Google Maps Reunites Kidnapping Victim With Family After 23 Years

Published on: May 18, 2013 at 4:21 PM

Google Maps has reunited a Chinese man kidnapped more than 23 years ago with his birth family. Luo Gang, 28, was taken close to his school at age five. According to Gawker , Luo was abandoned around the Fujian province , where he was taken in and raised by his adoptive parents in Sanming.

His only memory of the place where he was from was that it had two bridges. Armed with this sparse amount of information, Luo posted to a website dedicated to helping reunite families with their missing children. A tipster on the site responded with info about a Sichuan family, who lost their son 23 years prior, and from there, Luo used Google Maps to examine the geography.

After an extensive search, he found the two bridges, which he’d stored in his memories for close to a quarter of a century. UPI noted that the bridges were located in Sichuan’s Linshui county .

His biological parents had since adopted a daughter, but unlike with the case of Cleveland’s Michelle Knight , they’d never given up the search for their little boy. His father and mother, Huang Qingyong and Dai Jianfang, informed him that his birth name had been Huang Jun.

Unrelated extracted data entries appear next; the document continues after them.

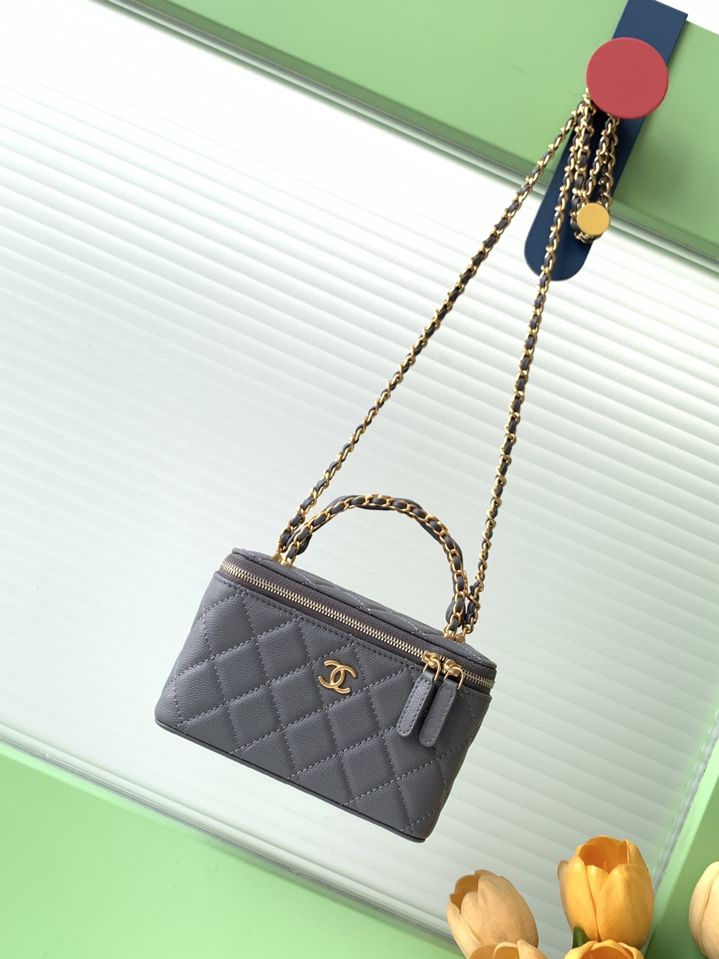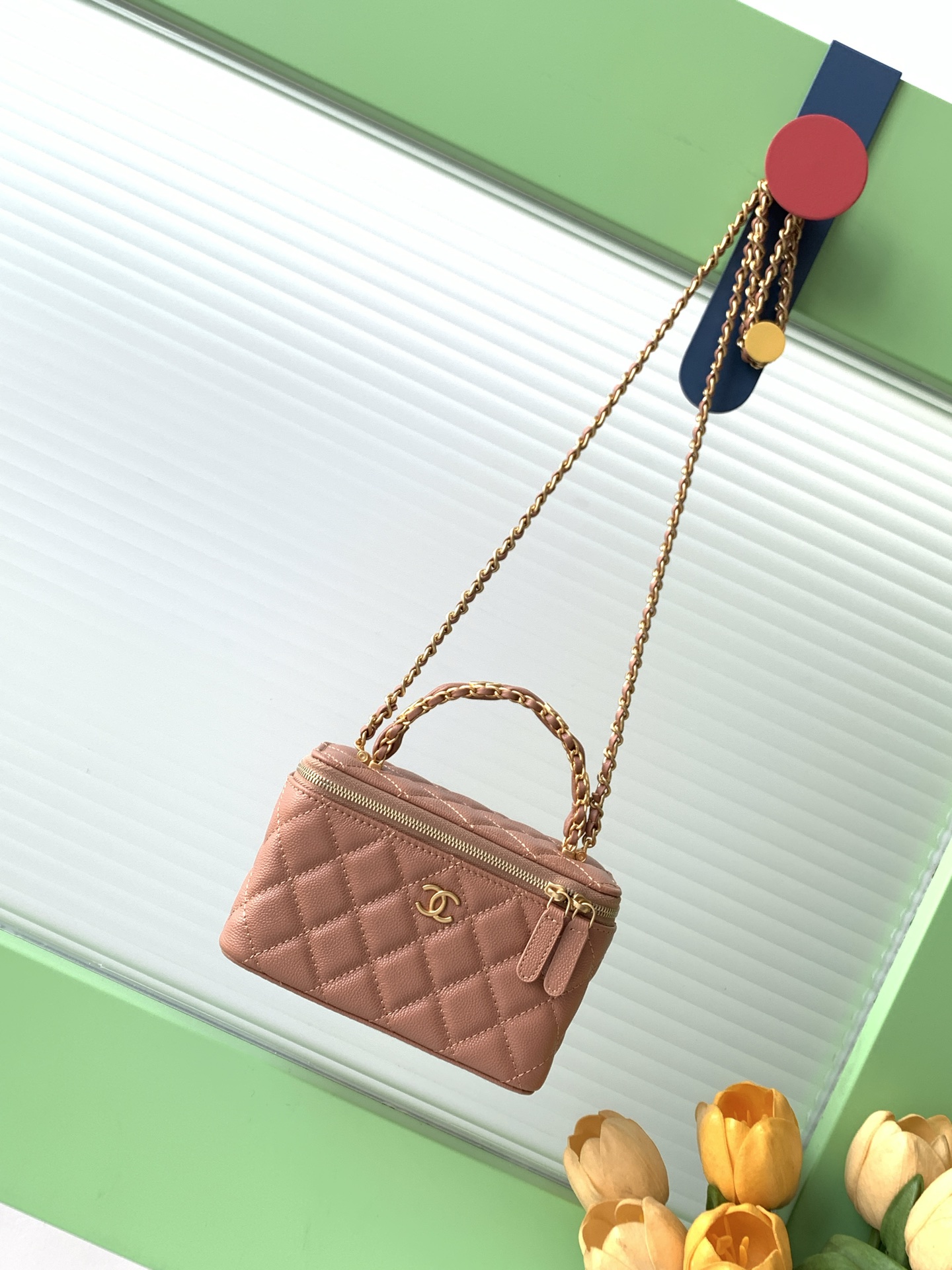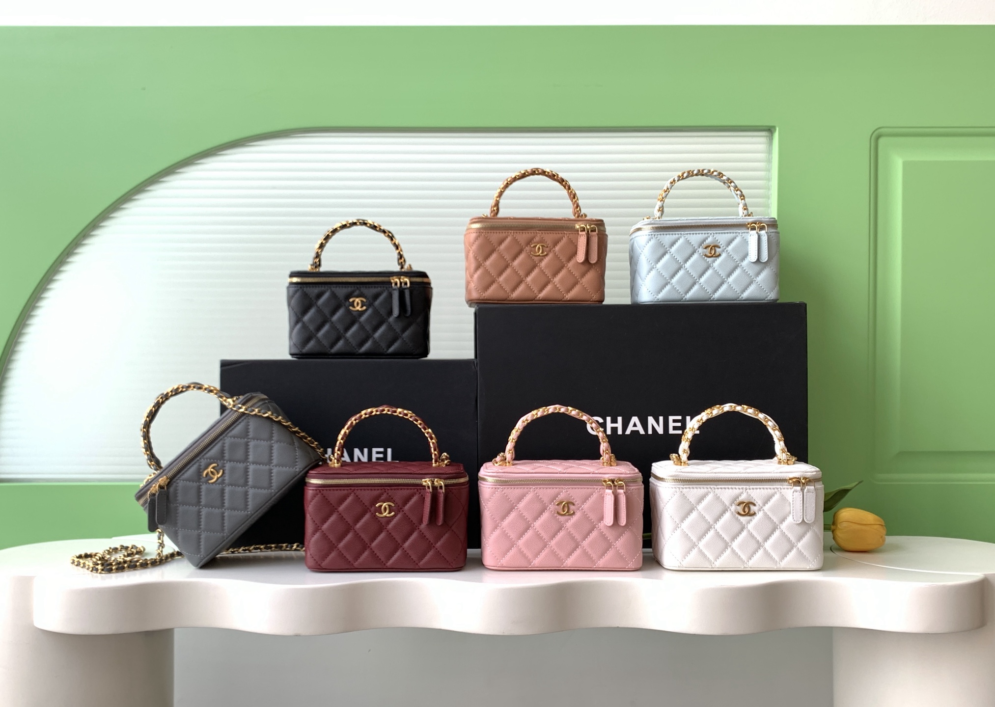 Bag Chanel 7 b double C logo handle cosmetic box, exquisite handle design makes it more fashionable, particles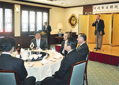 斎藤会長は「国際的に日韓関係は難しい問題もあるが、協会ではそこを乗り越え、2014年もお互いにとって良い年となるよう頑張りたい」と話すと、会場から拍手が起こった。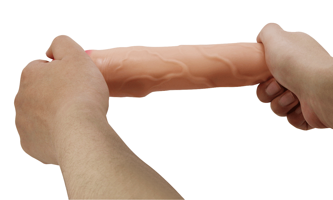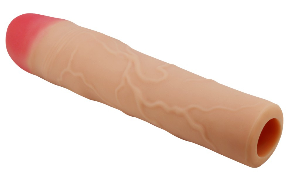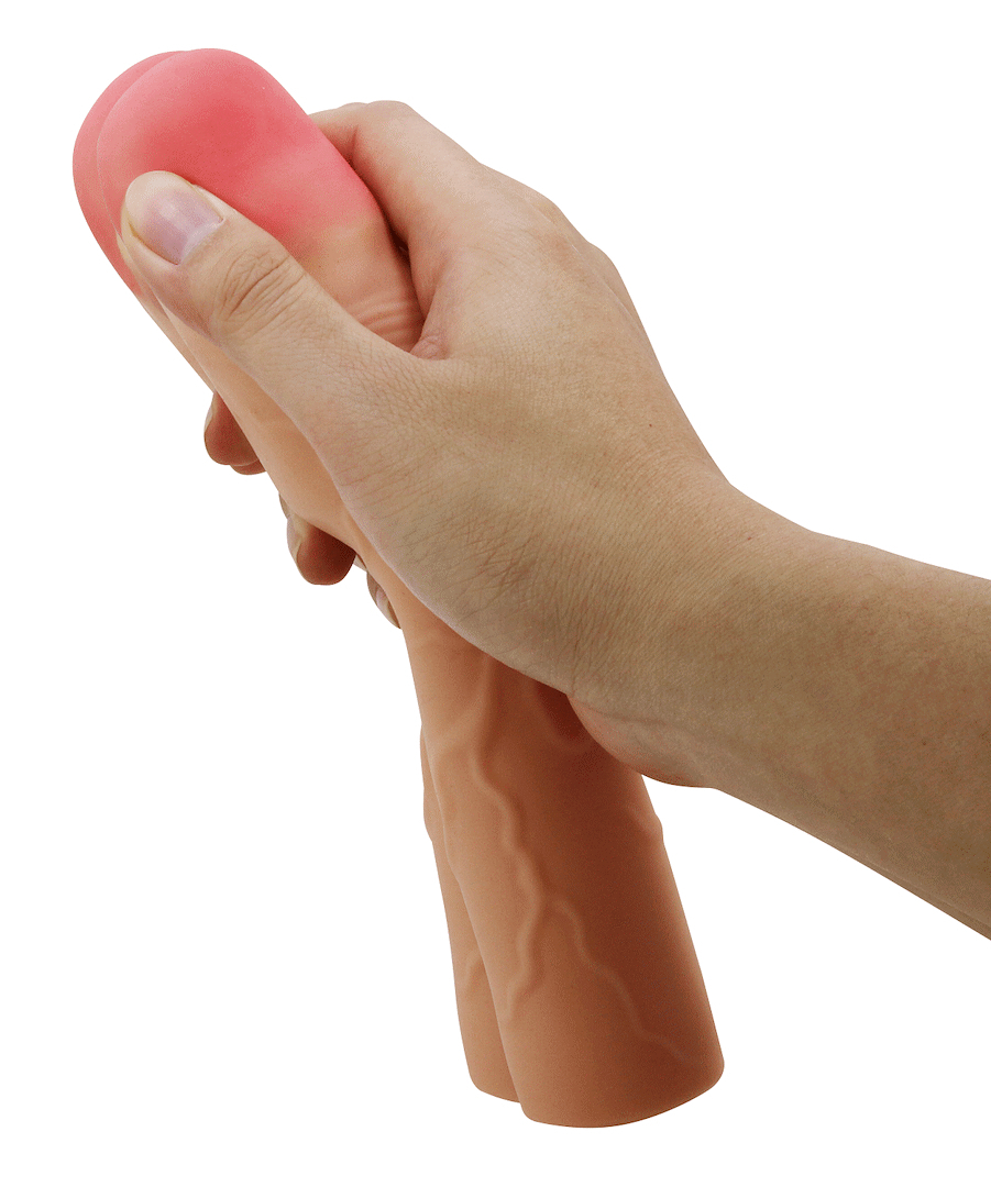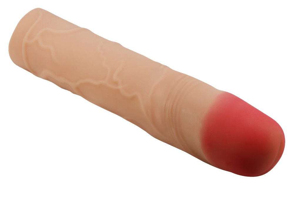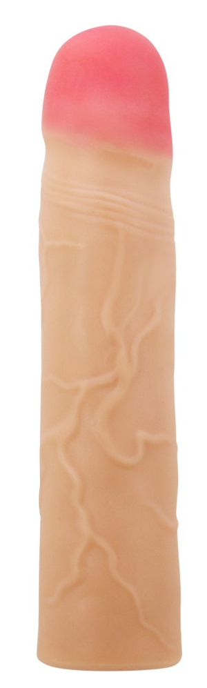 Gaine de pénis avec surface veinée et gland décalotté. Longueur insérable de 19 cm et une largeur de 3.5 à 4 cm. Diamètre de 25 mm et une longueur intérieure de 12 cm. En TPR chair.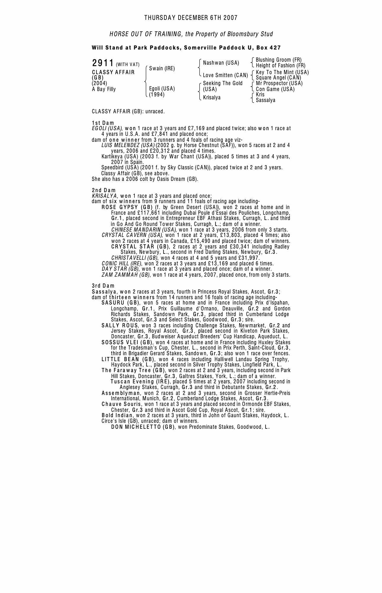 December Mare Sale 2005 lot 1632 Speedbird (USA) (M. by Sky Classic (CAN)), Bloomsbury Stud=>Seamus Kennedy 4,000 gns

Dai, Luo’s mother, said she “felt heartbroken” after her son was taken. “I couldn’t eat or sleep and I cried every day thinking my son was missing and didn’t have enough food or clothes out there.”

Luo said he was “overjoyed” to be reunited with his parents after so long.

The length between time of abduction and reunion brings to mind recent events in the US when three women missing for about a decade (including Knight) escaped the house in Cleveland where they were being held prisoners .

However, this case was a little less harrowing in the sense that during the time Luo was missing, his adoptive family loved him as their own.

Still, he was always aware of his past life. “Everyday before I went to bed, I forced myself to relive the life spent in my old home … So I wouldn’t forget,” Luo told a Fujian news outlet.

And without Google Maps, the reunion would have likely never happened, at least not this soon. Awesome.